Когда же Ольга Митриевна поднялась с помощью «палицы иерусалимстей», народ почтительно расступился. А Ольга Митриевна, выходя из вод точно дядька Черномор, снова направилась к Москворецкому мосту, и снова стекали с её подола струйки грязи. На ходу кто-то поймал и поцеловал её ручку, к чему Ольга Митриевна отнеслась не то чтобы снисходительно, а даже как-то и с одобрением. Да и вообще весь вид её излучал какую-то внутреннюю уверенность, что почести и награды заждались, но не далёк тот час, когда эти приятные и заслуженные блага сами лягут к её ногам. На то и была Ольга Митриевна прозорливицей, чтобы знать наперёд. Ведь даже второе её купание – а именно так и стали говорить потом: «купания Ольги Митриевны» – так вот, даже второе её купание оказалось пророческим. В ту же ночь умерла старуха Заборова – прабабка одного из купцов с Балчуга, присутствовавшего при втором купании и решившего потом, что слова о покаянии относились именно к почившей; и что не зря он оказался на Болотной по какому-то пустяшному делу именно в тот день, когда во второй раз там появилась и Ольга Митриевна. То есть Заборов почему-то был уверен, что Ольга Митриевна приходила на Болотную именно ради него и его прабабки. Хотя бы эта прабабка уже несколько лет не покидала пределы собственного дома, проводя дни за колотьём и поеданием орехов, мало что соображая и никого не узнавая. Но уверенности Заборова способствовала и жена его, дама благочестивая, набожная и сверх всякой меры склонная видеть повсюду знамения и чудеса. Лишь только она услышала об Ольге Митриевне, то и немедленно всё поняла и увязала в один узел. Казалось, ей можно рассказать о несвязанных между собой событиях, происшедших в разных концах земли, как она тотчас обнаружит и растолкует существующую между ними связь. Поэтому в доме Заборовых царила атмосфера, во-первых, какого-то волнующего удивления по поводу единства и неразрывности мироздания, а во-вторых, постоянного ожидания чуда, что вечно вызывало смешки младшей дочери и насмешки жившего в доме учителя.

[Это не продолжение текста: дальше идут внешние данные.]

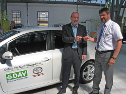 af.- Toyota ist bereits seit 2008 offizieller Mobilitätspartner des Deutschen Alpenverein e.V. (kurz DAV). Im Rahmen dieser Kooperation stellt der Hersteller dem Verein nun zwei Hybridfahrzeuge zur Verfügung. Die Übergabe an der Bundesgeschäftsstelle wurde von Verkaufsleiter Rainer Mattusch (Toyota Autohaus DIT München) durchgeführt.DAV Hauptgeschäftsführer Thomas Urban freut sich auf die besonders umweltverträglichen Modelle. Der Toyota Auris 1.8 Hybrid Life verbraucht gerade einmal 3,8 Liter/100km und kommt somit auf eine CO2 Emission von 89 g/km. Die Hybridmodelle stehen für Dienstfahrten der Mitarbeiter zur Verfügung.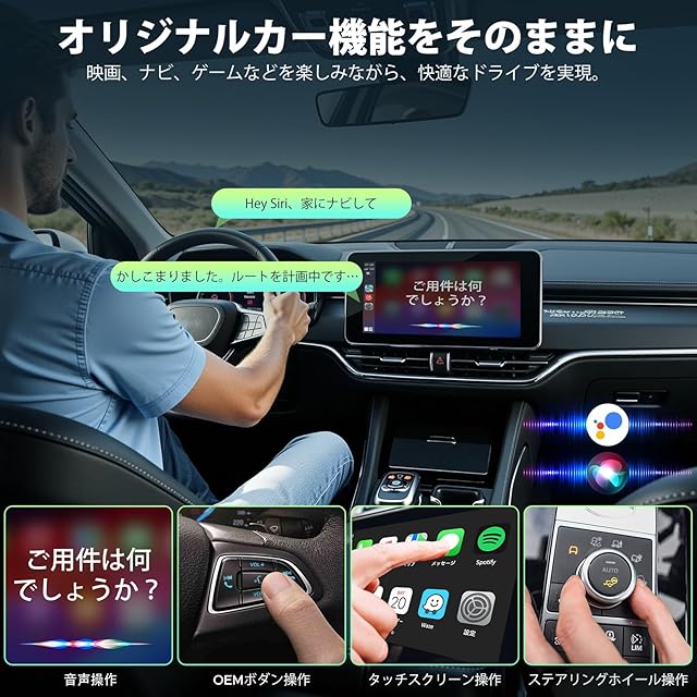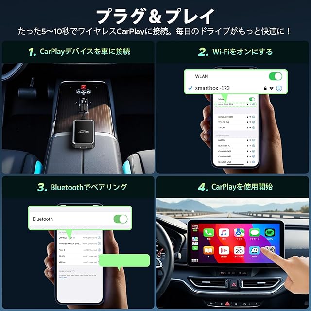 【純正有線CarPlay車のみ対応】iPhoneを無線で接続することができます。無線CarPlayにより、車内でスマートフォンの地図、音楽、通話などの機能を使用し、よりスマートなドライブ体験を提供します。高速道路で音声ナビゲーションを使って簡単にルートを検索したり、通勤中にデータケーブルを差し込むことなく好きな音楽を再生したりできます。2016年から2020年製の純正カーナビで、かつタッチスクリーンに対応している車種のみ対応しています。非兼容 :1.車両がもともとワイヤレスCarPlayに対応している場合;2.タッチスクリーン非対応のカーナビの場合;3.サードパーティ製の(純正ではない)カーナビを使用している場合;4.元々ワイヤレスCarPlayに対応しているカーナビ;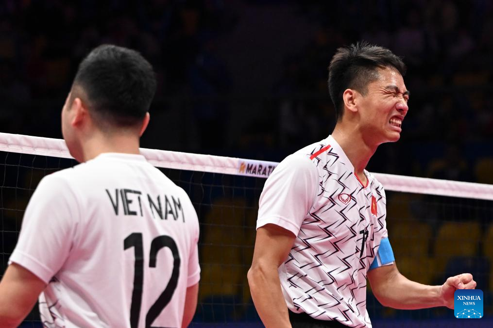 Dau Van Hoang (R) of Vietnam celebrates scoring during the Men's Regu Preliminary of Sepaktakraw between Malaysia and Vietnam at the 19th Asian Games in Jinhua, east China's Zhejiang Province, Oct. 5, 2023. (Xinhua/Chen Zhonghao)

После того, как старуху Заборову похоронили, по Болотной и Балчугу пошёл слух, что правнук покойной купец Нифонт Диомидович Заборов «ту самую юродивую разыскал и у себя поселил». Вот тут-то впервые и возвестила молва, что зовут юродивую Ольгой Митриевной, что она блажит и прорекает. А когда стало известно, что торговка Божанова, которую Ольга Митриевна, плескавшись, окатила настоящим грязевым потоком, вдруг после этого самого окатывания исцелилась от никому неведомой каменной болезни, за Ольгой Митриевной установилась прочная слава целительницы.